Capacitance: Capacitance is the ability of a system to store charge per unit voltage. It is measured in farads (F).
Capacitance: Capacitance is a measure of the ability of a capacitor to store electric charge. It is a fundamental quantity in the study of electricity and electronics, and it plays a crucial role in various topics related to electrostatic equilibrium, electric potential, and energy storage.
Capacitor: A capacitor is an electrical component that stores energy in the form of an electric field, created between two conductive plates separated by an insulating material. It is used to temporarily hold charge and release it when needed.
Capacitor: A capacitor is a passive electronic component that is used to store electrical energy in an electric field.

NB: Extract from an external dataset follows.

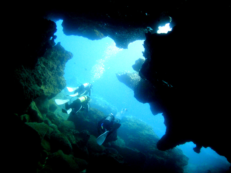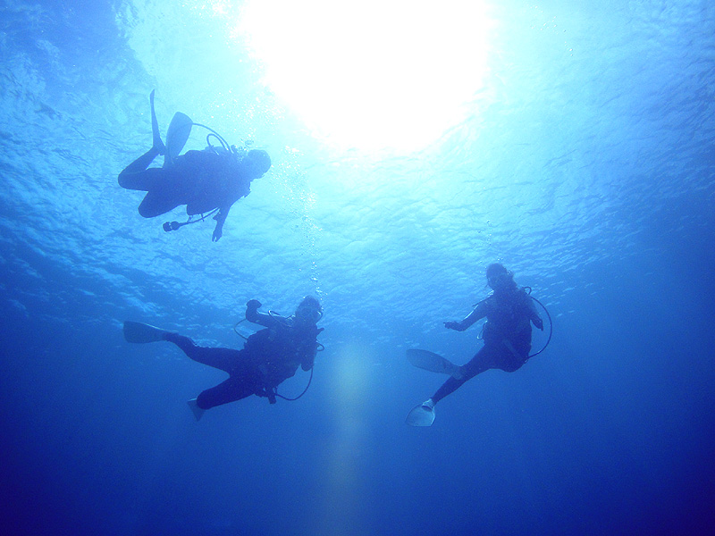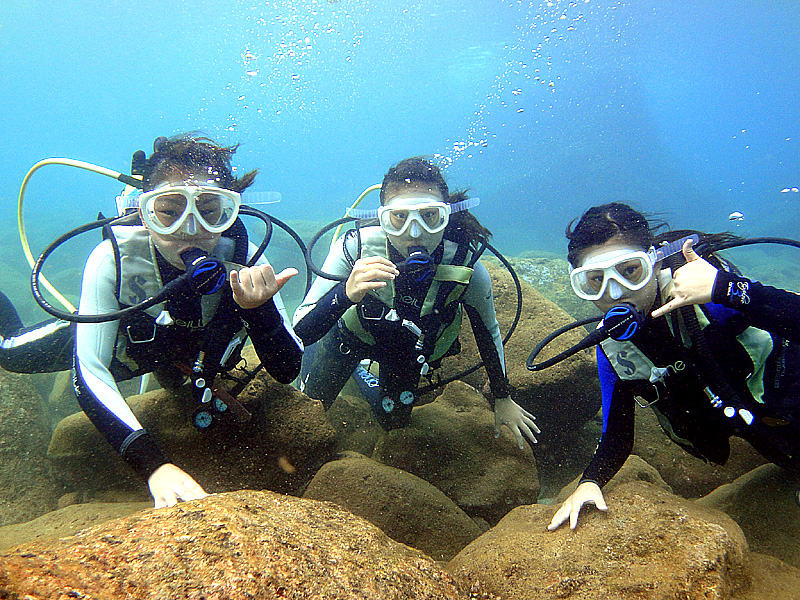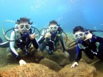 いよいよノースショアの季節がやってきました。今日は、先週ハワイの中学を卒業したばかりの仲良し3人組、Namiho & Asuka & Tianna をノースショア・テストダイブへ。曇り時々晴れの天候ですが海は穏やか。浅場でゆっくりと練習を済ませたら徐々に深いところへ向かいます。耳抜きも慎重にしながらジリッジリっと水深7mまで・・・。時々日が差してくると、水面から放射線状に伸びてくる光が綺麗です。開始から15分過ぎた頃、シマアジ・ゴマニザ・クロハギの群れが、去年と同じ様に現れてくれました。そしてラバチューブを通り抜けながら、出口の光も美しいままです。今日はテストダイブですので、何時もより少し短めな45分間のダイビング。後半では3人とも自由に水中を楽しめるほど上手にダイビングしていますよ。ワイキキからは少し遠くですが、やはりこの時期のハワイは、水中もハレイワのオールドタウンも含めて、ノースショアが最高です。『期間限定!ノースショアダイビングツアー』、皆様のご参加をお待ちしております。ALOHA!

It consists of two conductors separated by an insulator, and it is a fundamental component in many electrical and electronic circuits.
Charge: Charge is a fundamental property of matter that is the source of all electrical phenomena. It is a scalar quantity that can be positive or negative and is the basis for the attractive and repulsive forces between objects, as well as the flow of electric current.
Coulomb: A coulomb (C) is the SI unit of electric charge, representing the amount of charge transported by a constant current of one ampere in one second. One coulomb is equivalent to approximately $6.242 \times 10^{18}$ elementary charges.
Coulomb: The coulomb (symbol: C) is the SI unit of electric charge, named after the French physicist Charles-Augustin de Coulomb. It is a fundamental quantity that describes the amount of electric charge and is used extensively in the study of electric phenomena across various physics topics.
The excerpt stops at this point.